Yakni, Bantuan Operasional Sekolah (BOS) bagi Sekolah
Dasar, Sekolah Menengah Pertama (SMP) atau yang
sederajad baik negeri atau swasta. Kedua, bantuan khusus
murid untuk siwsa SMA/SMK/MA/SMLB negeri dan swasta.
Di bidang kesehatan, pagu yang dianggarkan Rp 3,87
trilyun diperuntukkan bagi program jaminan pemeliharaan
kesehatan bagi masyarakat miskin di puskesmas beserta
jaringannya. Kemudian, pelayanan kesehatan rujukan dan
pelayanan rawat inap kelas III RS pemerintah ataupun
swasta yang ditunjuk pemerintah. Dana disalurkan melalui
PT Askes. Kata Hadiyanto, program berikutnya
adalah penyelenggaraan pelayanan kesehatan di puskesmas
dan rujukan kelas III RS yang dijamin pemerintah, dengan
dana yang disalurkan melalui kuasa pengguna anggaran
yang ditunjuk oleh Menkes. Sedangkan dana infrastruktur
pedesaan bagi desa-desa tertinggal yang jumlahnya
mencapai 12.854 dianggarkan dana Rp 3,34 trilyun.
Sebelumnya, Menteri Negara Perencanaan Pembangunan
Nasional/Kepala Bappenas Sri Mulyani Indrawati
mengatakan, dari tiga program itu hanya infrastruktur
pedesaan yang penyerapannya rendah yakni baru mencapai
30 persen. Ditegaskan Hadiyanto, pelaksana PKPS-BBM
adalah Menteri Pendidikan dan Menteri Agama untuk bidang
pendidikan, Menteri Kesehatan untuk bidang kesehatan
serta Menteri Pekerjaan Umum untuk bidang infrastruktur
pedesaan. Menteri Keuangan meminta Menteri/pemimpin
lembaga menyusun petunjuk pelaksanaan untuk
masing-masing bidang dengan prosedur sesederhana mungkin
dan mudah dilaksanakan oleh para aparat pelaksana
program.
Selanjutnya dana PKPS-BBM dialokasikan pada Daftar Isian
Pelaksanaan Anggaran (DIPA). Penyaluran dana dilakukan
oleh para pengelola anggaran melalui kantor pelayanan
perbendaharaan negara (KPPN). Sedangkan pencairan
dananya dapat bekerjasama dengan lembaga keuangan/perbankan.

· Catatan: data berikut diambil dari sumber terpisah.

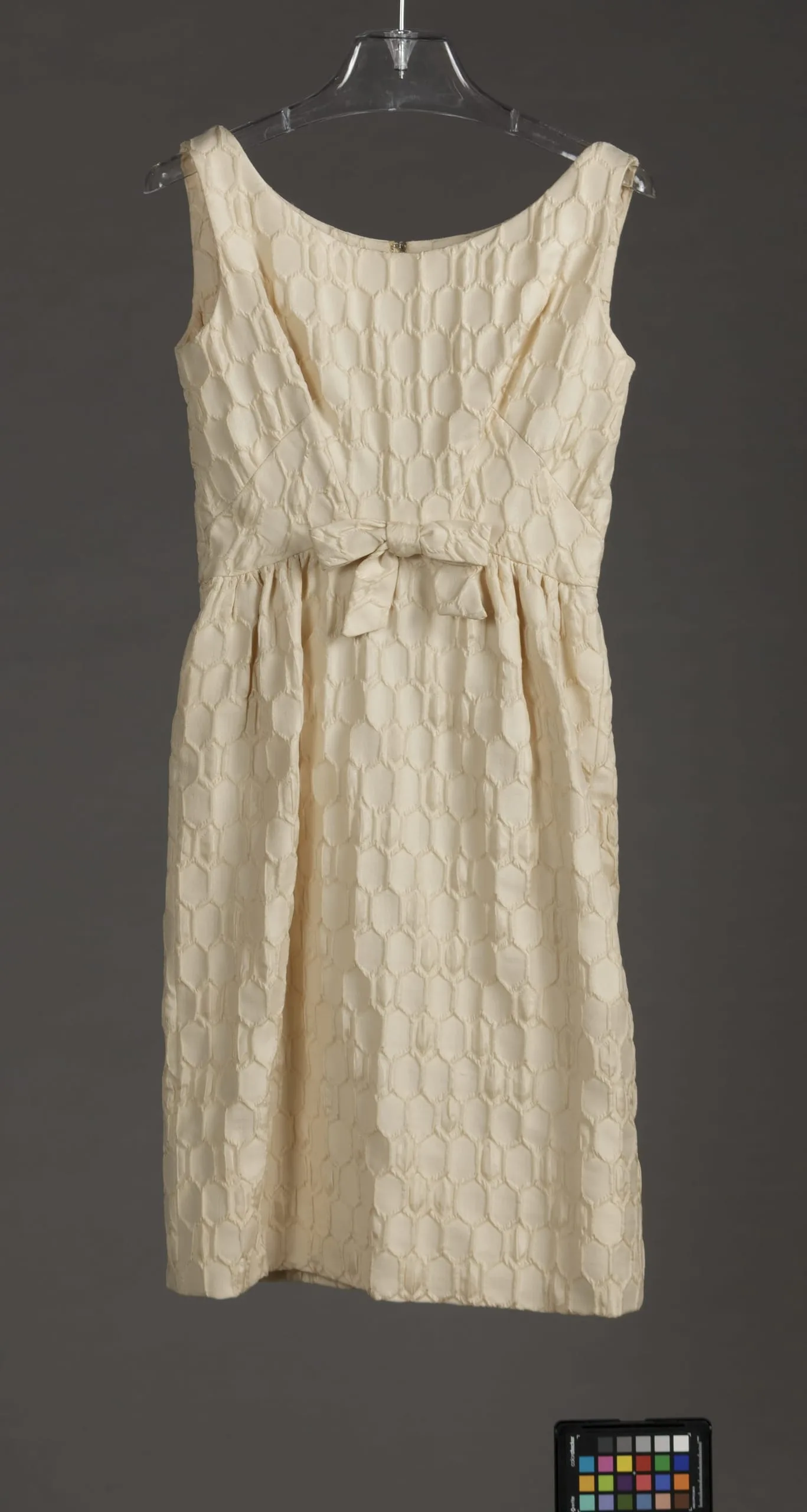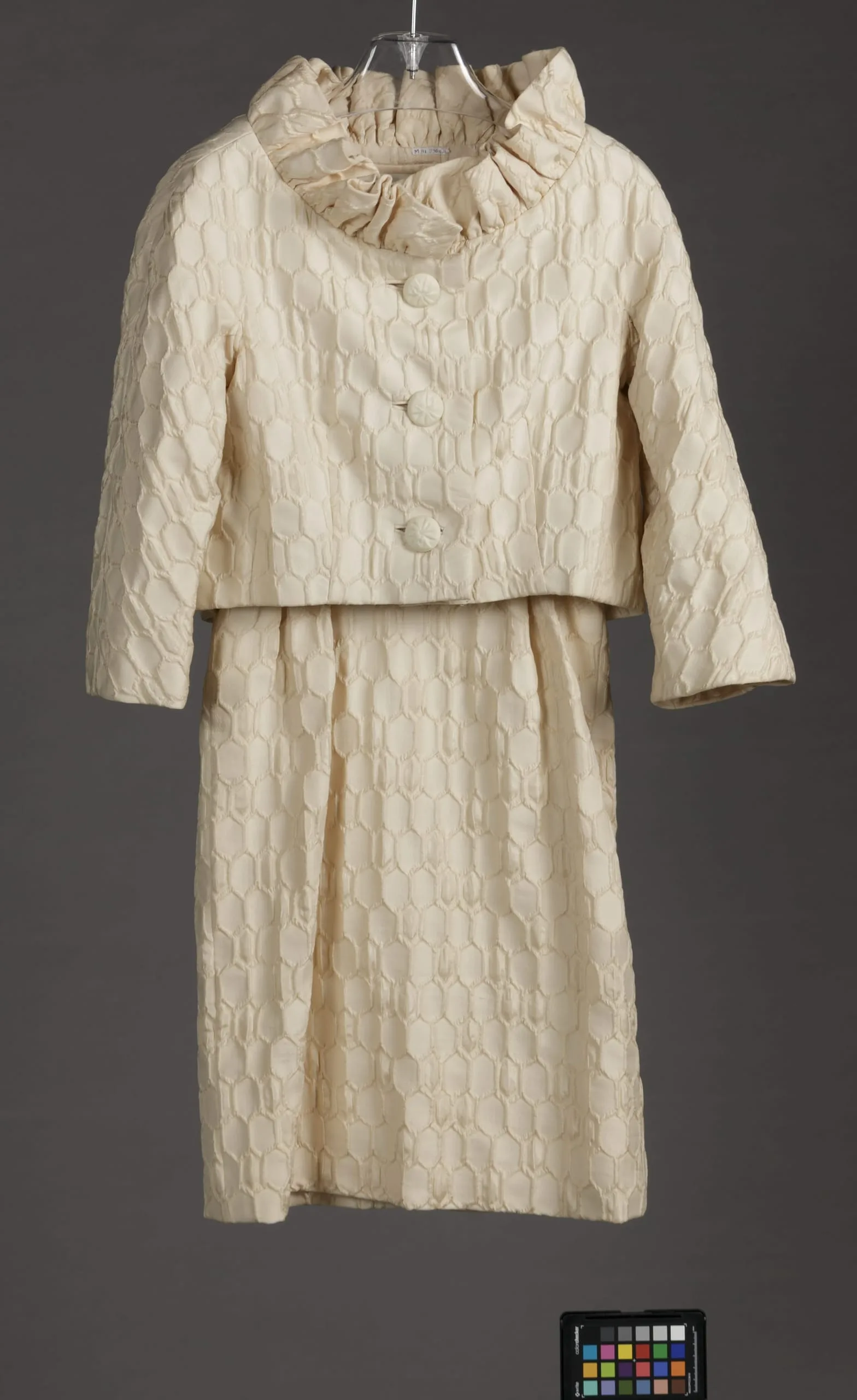 - Silk plain weave double cloth with weft patterning (matelassé) and plastic buttons

Tata cara penyaluran/pencairan dana PKPS-BBM diatur
lebih lanjut dengan Peraturan Direktur Jendral
Perbendaharaan. Untuk pengelolaan anggaran dan kegiatan
menyusun pertanggungjawaban atas pengelolaan dana,
diminta melaporkannya pada instansi vertikal pusat tiap
akhir bulan. Kepala KPPN melaporkan pelaksanaan
pencairan dananya pada Kepala Kanwil Ditjen
Perbendaharaan setempat tiap akhir bulan.